Peer tutors at FHS spend a one-hour block during their school day sitting with students and helping teachers, said Becky Comer.

She teaches a peer tutor class at FHS.

“It is the absolute heart of our program,” Comer said. “A lot of them [mentally-challenged students] are used to being sheltered, but this really opens up the world for them. Peers really take them under their wing and they do things normal teenagers do.”

Peer tutors spend the first few weeks of class reading text about different disabilities and performing activities that help them understand the students they are working with, Comer said.

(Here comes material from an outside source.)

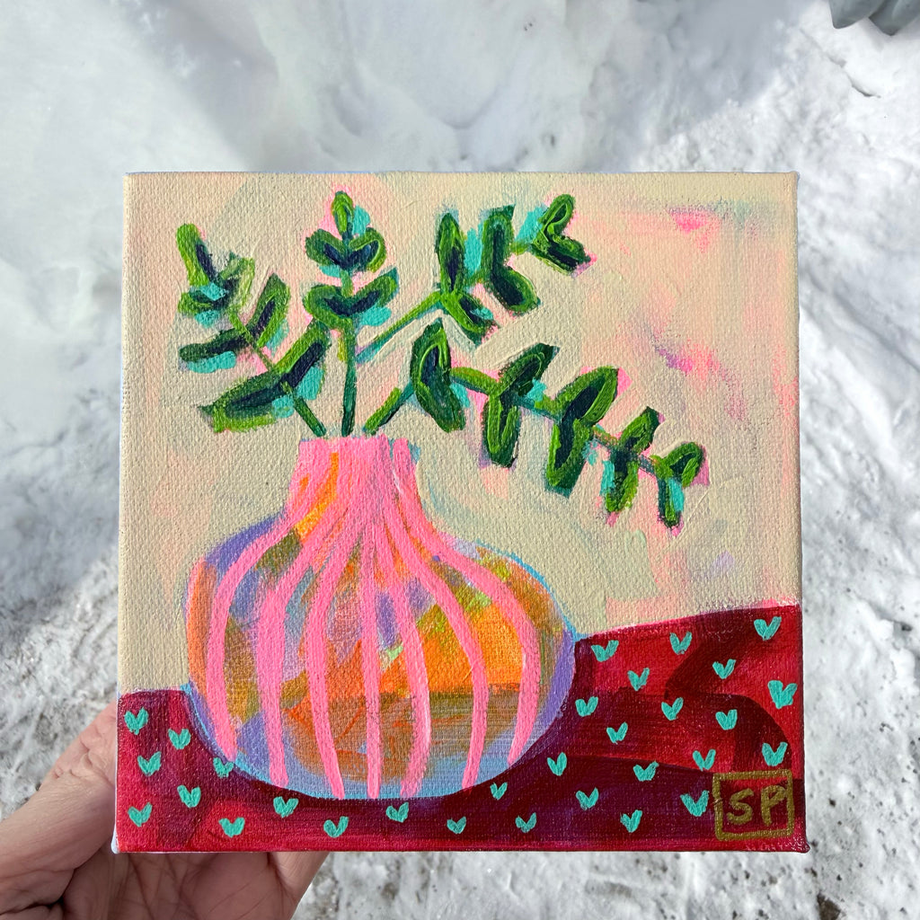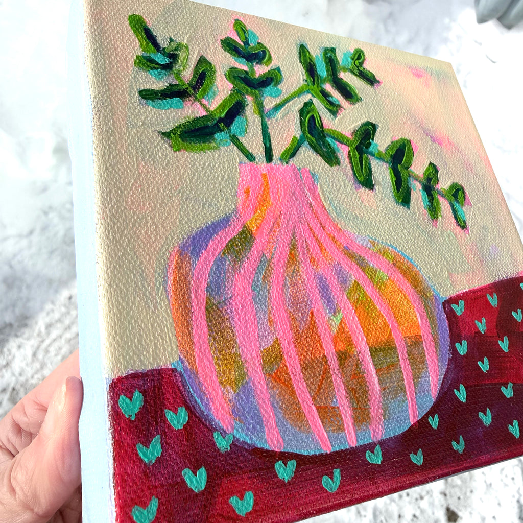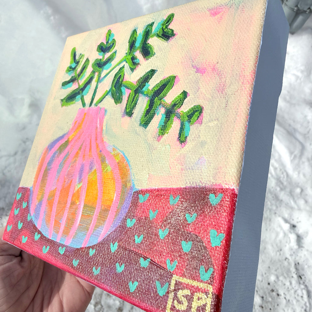 Treat yourself to a little love this Valentine's Day with this charming 6" x 6" x 1.5" acrylic painting on gallery canvas. Hang it solo for instant impact, or go bold and create an adorable gallery wall moment. Either way, it's ready to go and guaranteed to make you smile every time you walk by.

Peer tutors are required to organize one outside activity for the class, Comer said. Students taking the advanced class, offered after their first year, must schedule two activities for their class.

Students could choose to organize a party, plan a dinner at a restaurant or create an activity, Burris said.

Despite the papers and tests required, peer tutors enjoy the unique opportunity to work with the students.

“If you come [to class] and you’re not in a good mood you’ll leave here with a smile on your face,” Burris said.

Peer tutors learn how to interact with mentally-handicapped students, as well as how to handle outbursts or seizures, Comer said.

“It’s not for everyone, but those who do certainly have the heart for it,” Comer said. “A lot of our students go into special education; some who never would have considered it.”